[PROVIDED DATA]
-*-

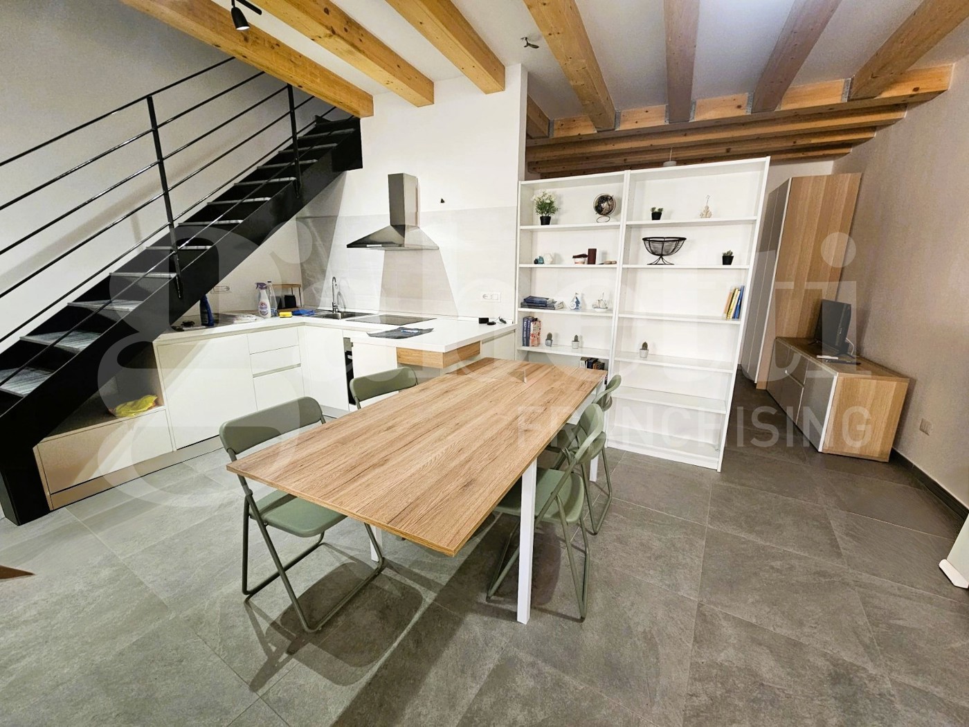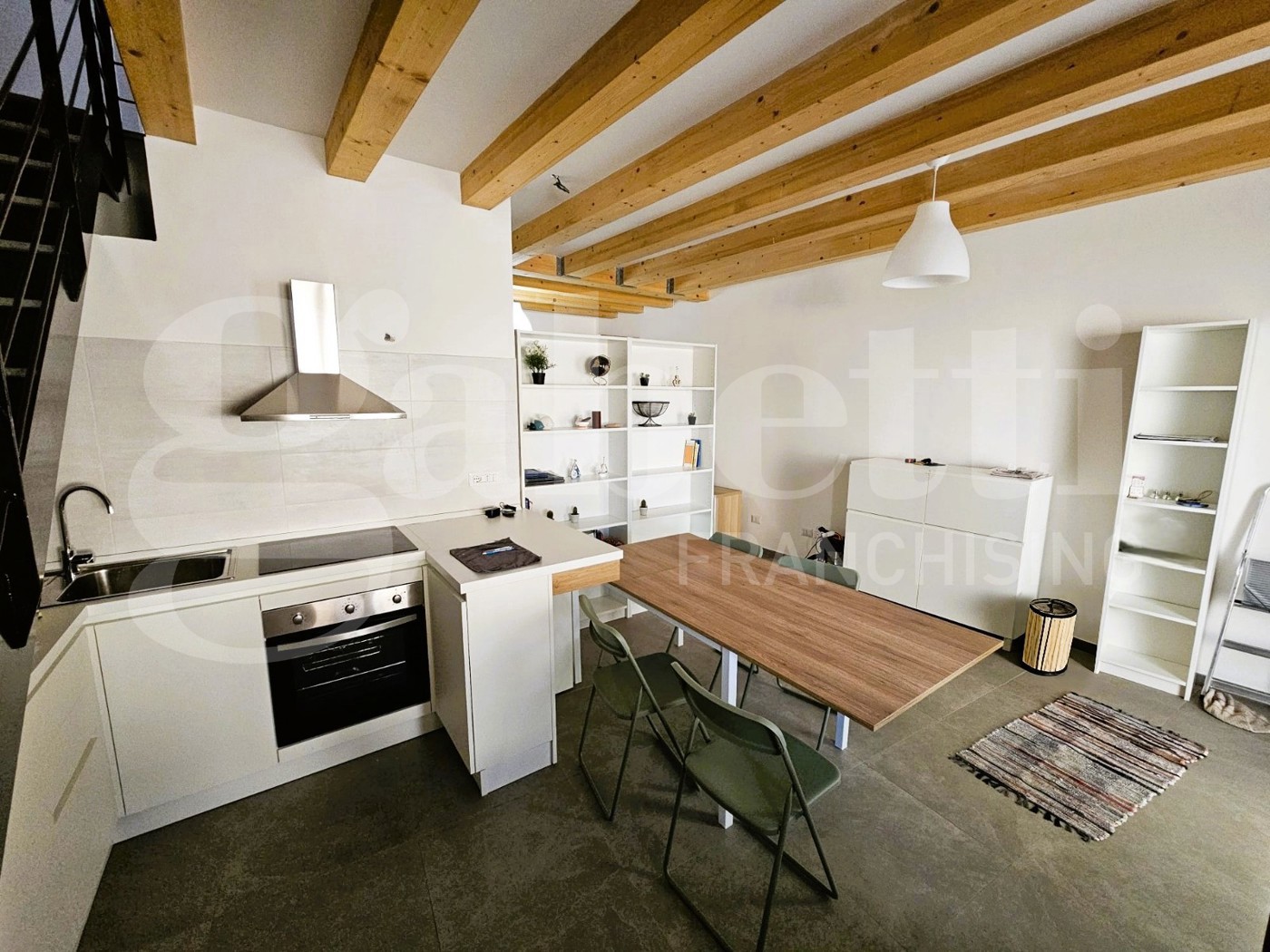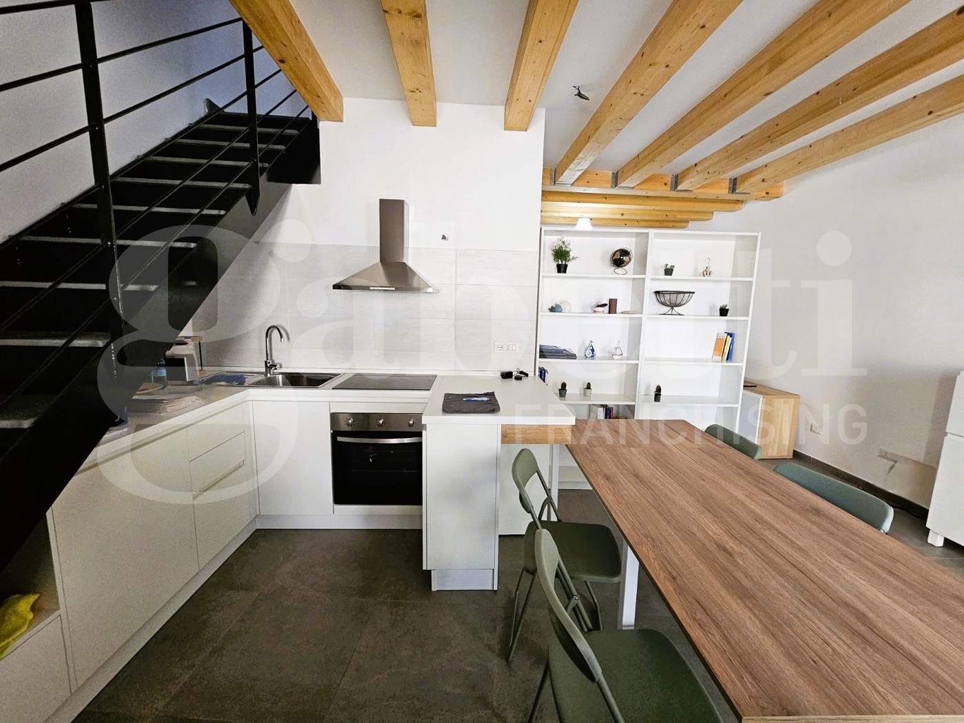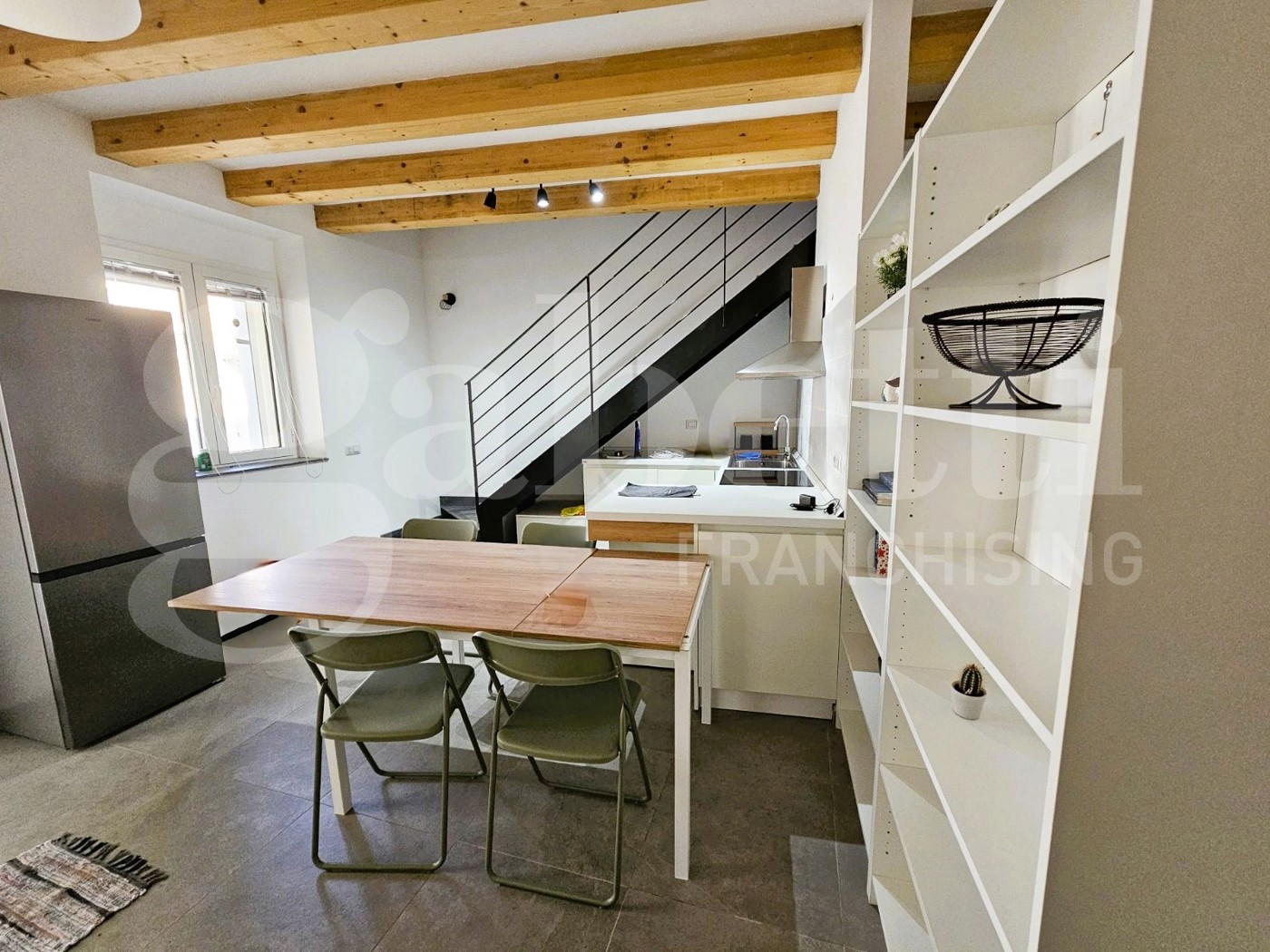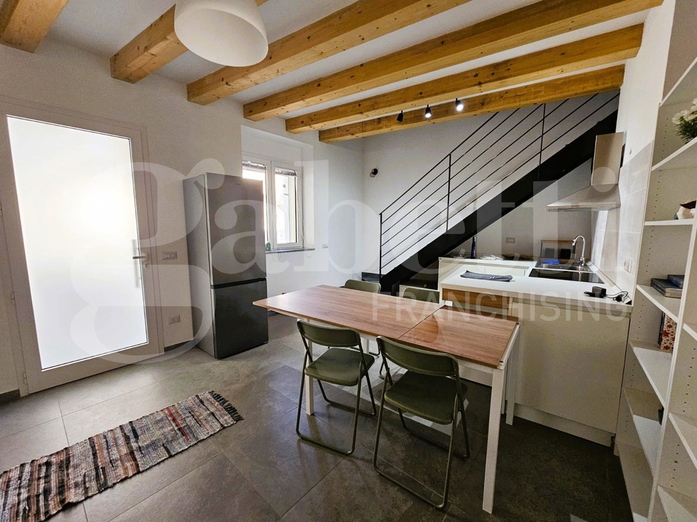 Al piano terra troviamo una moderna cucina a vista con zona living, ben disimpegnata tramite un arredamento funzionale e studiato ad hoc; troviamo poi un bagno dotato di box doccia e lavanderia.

-*-

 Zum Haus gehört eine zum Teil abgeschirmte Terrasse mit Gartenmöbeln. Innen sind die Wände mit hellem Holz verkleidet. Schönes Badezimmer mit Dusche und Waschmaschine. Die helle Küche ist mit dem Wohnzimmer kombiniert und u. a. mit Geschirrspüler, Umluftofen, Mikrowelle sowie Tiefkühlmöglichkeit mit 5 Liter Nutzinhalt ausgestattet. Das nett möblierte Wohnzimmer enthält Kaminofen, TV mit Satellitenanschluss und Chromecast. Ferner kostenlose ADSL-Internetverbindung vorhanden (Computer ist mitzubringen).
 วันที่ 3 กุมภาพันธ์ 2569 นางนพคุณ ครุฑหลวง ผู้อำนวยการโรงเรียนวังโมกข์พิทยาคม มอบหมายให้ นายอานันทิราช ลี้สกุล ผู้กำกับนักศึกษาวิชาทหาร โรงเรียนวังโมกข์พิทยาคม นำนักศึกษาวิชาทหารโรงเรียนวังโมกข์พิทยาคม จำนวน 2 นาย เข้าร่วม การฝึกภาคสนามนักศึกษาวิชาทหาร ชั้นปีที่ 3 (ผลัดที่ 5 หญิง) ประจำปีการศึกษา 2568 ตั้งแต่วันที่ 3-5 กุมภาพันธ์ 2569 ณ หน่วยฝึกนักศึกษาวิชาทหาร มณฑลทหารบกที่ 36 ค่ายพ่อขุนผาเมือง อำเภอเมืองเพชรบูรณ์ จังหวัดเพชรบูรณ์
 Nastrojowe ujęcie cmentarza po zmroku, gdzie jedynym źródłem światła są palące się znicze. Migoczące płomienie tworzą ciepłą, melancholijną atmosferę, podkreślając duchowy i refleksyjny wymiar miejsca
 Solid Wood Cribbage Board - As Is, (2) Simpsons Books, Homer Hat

-*-

In the listing above, locate the line containing "Nastrojowe ujęcie cmentarza" and the line containing "Solid Wood Cribbage". Transcribe those two lines and everything between them, exactly as written.

[ANSWER TO THIS PROBLEM]
 Nastrojowe ujęcie cmentarza po zmroku, gdzie jedynym źródłem światła są palące się znicze. Migoczące płomienie tworzą ciepłą, melancholijną atmosferę, podkreślając duchowy i refleksyjny wymiar miejsca
 Solid Wood Cribbage Board - As Is, (2) Simpsons Books, Homer Hat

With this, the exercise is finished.